§ **SUPPLIED RECORDS**:
════

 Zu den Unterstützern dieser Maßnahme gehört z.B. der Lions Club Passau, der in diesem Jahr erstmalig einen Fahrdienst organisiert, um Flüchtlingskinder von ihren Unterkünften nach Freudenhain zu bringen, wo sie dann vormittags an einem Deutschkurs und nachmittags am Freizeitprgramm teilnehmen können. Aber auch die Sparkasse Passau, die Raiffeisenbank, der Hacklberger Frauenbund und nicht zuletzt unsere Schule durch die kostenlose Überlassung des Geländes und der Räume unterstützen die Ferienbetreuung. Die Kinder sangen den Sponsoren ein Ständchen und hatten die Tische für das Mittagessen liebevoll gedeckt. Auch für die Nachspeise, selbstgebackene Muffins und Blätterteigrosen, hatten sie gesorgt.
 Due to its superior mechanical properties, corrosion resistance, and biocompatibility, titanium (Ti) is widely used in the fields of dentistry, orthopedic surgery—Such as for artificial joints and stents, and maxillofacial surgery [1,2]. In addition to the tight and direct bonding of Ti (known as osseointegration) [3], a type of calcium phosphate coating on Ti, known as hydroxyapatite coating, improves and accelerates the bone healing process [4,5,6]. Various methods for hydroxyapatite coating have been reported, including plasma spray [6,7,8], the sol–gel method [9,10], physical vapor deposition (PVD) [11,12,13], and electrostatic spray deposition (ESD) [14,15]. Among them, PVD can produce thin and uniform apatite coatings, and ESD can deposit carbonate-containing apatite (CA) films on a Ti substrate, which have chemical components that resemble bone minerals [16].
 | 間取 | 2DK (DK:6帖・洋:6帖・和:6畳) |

════

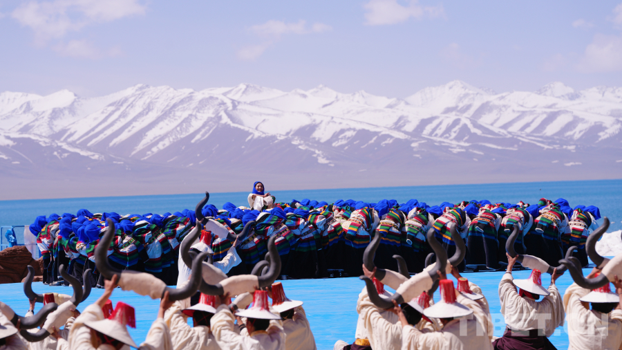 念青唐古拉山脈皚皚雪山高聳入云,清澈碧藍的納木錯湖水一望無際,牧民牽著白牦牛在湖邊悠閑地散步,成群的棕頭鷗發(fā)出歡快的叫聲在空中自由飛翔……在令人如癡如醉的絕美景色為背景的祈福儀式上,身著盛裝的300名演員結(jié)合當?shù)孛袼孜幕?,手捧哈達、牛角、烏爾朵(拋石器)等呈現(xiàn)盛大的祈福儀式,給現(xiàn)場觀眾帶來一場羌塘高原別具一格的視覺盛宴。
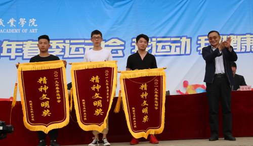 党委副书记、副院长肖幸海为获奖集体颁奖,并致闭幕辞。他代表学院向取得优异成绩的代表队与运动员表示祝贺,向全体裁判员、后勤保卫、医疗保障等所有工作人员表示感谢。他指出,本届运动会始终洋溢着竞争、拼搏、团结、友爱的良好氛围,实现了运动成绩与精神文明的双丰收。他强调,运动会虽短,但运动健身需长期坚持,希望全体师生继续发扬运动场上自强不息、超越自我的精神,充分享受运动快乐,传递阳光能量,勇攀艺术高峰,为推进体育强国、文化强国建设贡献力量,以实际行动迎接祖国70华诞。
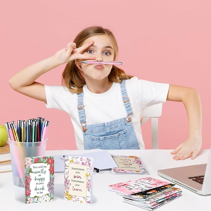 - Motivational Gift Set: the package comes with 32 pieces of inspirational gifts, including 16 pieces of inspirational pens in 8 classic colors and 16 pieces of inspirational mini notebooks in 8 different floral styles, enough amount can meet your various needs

════

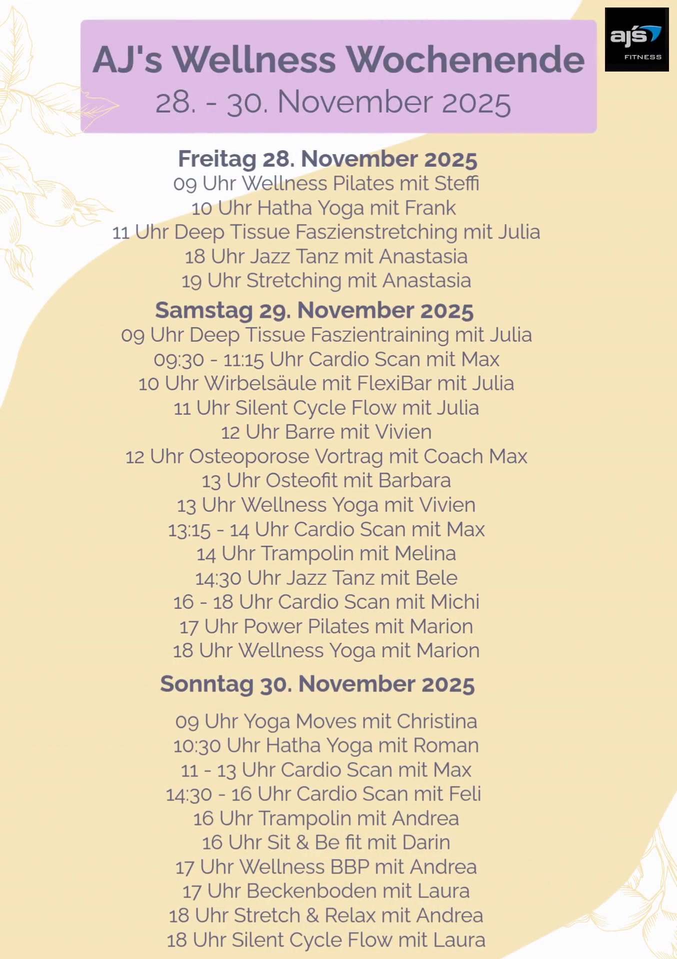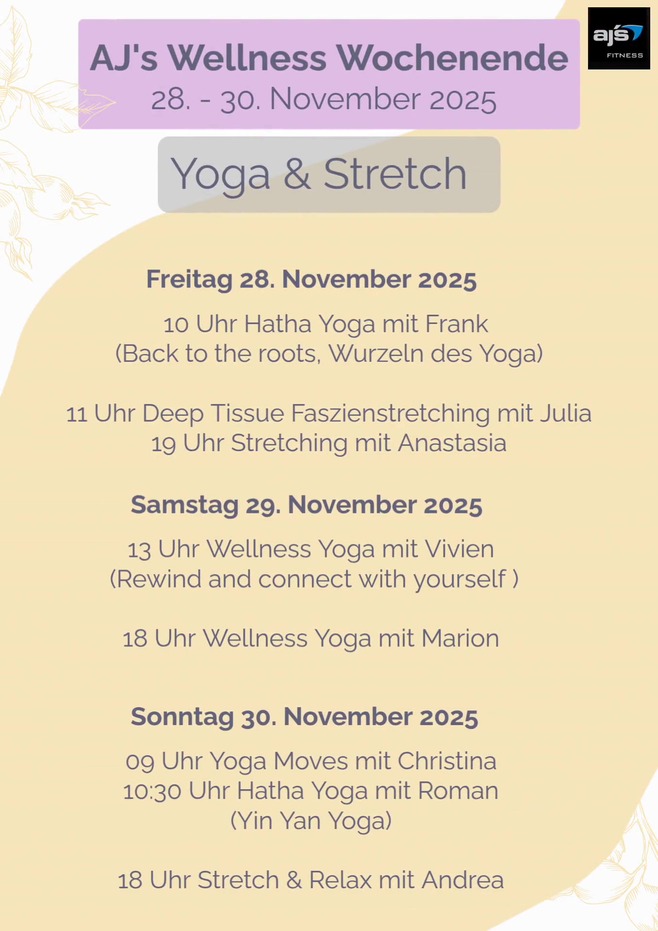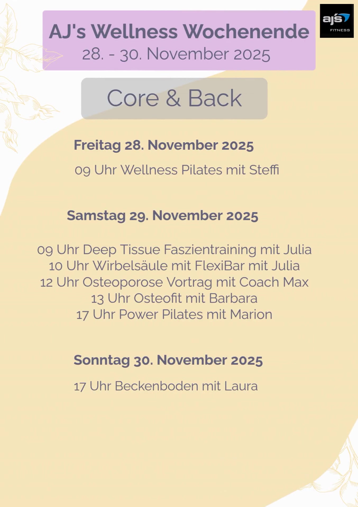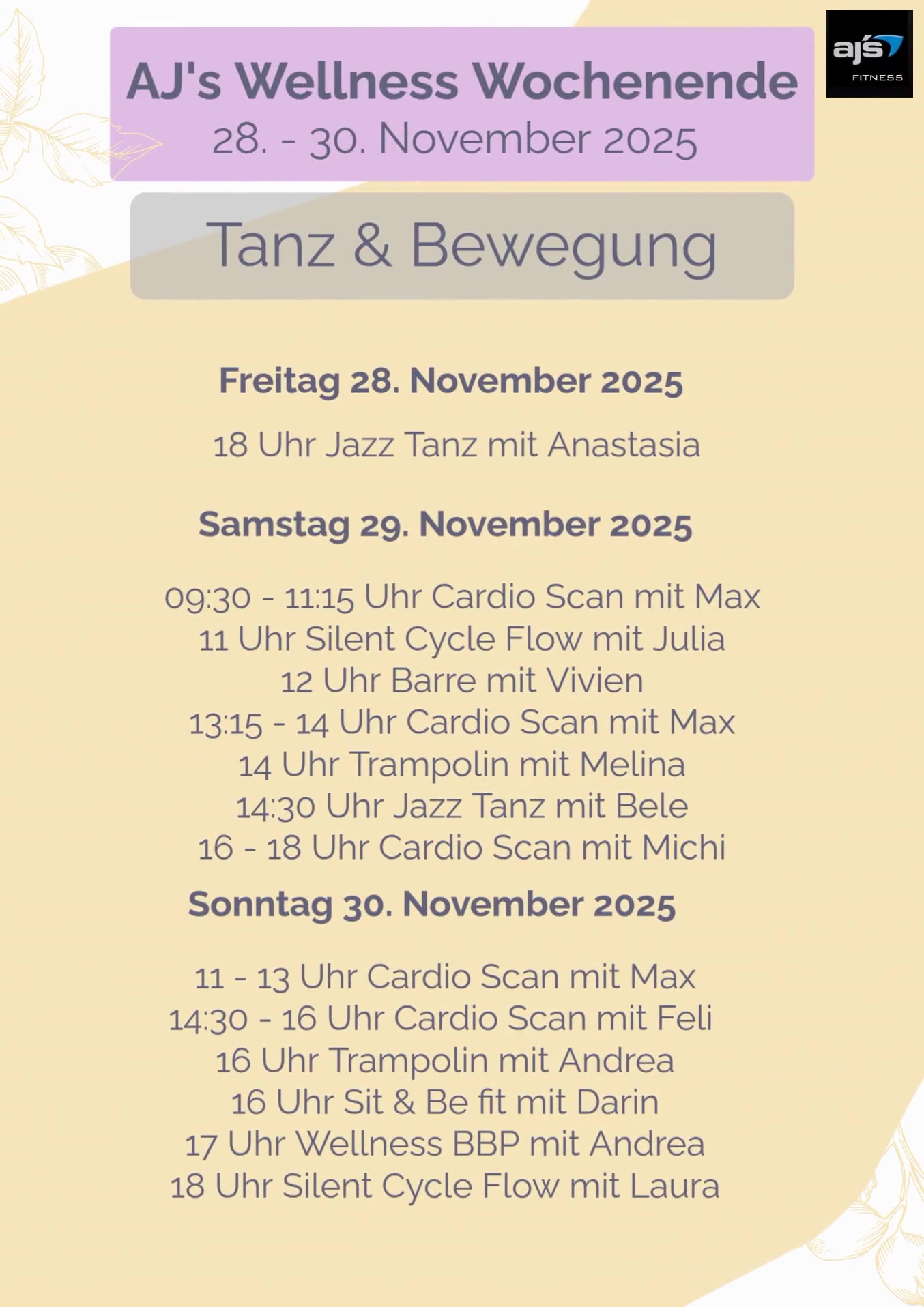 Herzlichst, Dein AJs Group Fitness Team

════

§ **DIRECTIONS**:
What you write out is the stretch of entries from the line containing "党委副书记、副院长肖幸海为获" to the line containing "- Motivational Gift", word for word, with both end lines and no pictures.

§ **SOLUTION FOR THIS PROBLEM**:
 党委副书记、副院长肖幸海为获奖集体颁奖,并致闭幕辞。他代表学院向取得优异成绩的代表队与运动员表示祝贺,向全体裁判员、后勤保卫、医疗保障等所有工作人员表示感谢。他指出,本届运动会始终洋溢着竞争、拼搏、团结、友爱的良好氛围,实现了运动成绩与精神文明的双丰收。他强调,运动会虽短,但运动健身需长期坚持,希望全体师生继续发扬运动场上自强不息、超越自我的精神,充分享受运动快乐,传递阳光能量,勇攀艺术高峰,为推进体育强国、文化强国建设贡献力量,以实际行动迎接祖国70华诞。
 - Motivational Gift Set: the package comes with 32 pieces of inspirational gifts, including 16 pieces of inspirational pens in 8 classic colors and 16 pieces of inspirational mini notebooks in 8 different floral styles, enough amount can meet your various needs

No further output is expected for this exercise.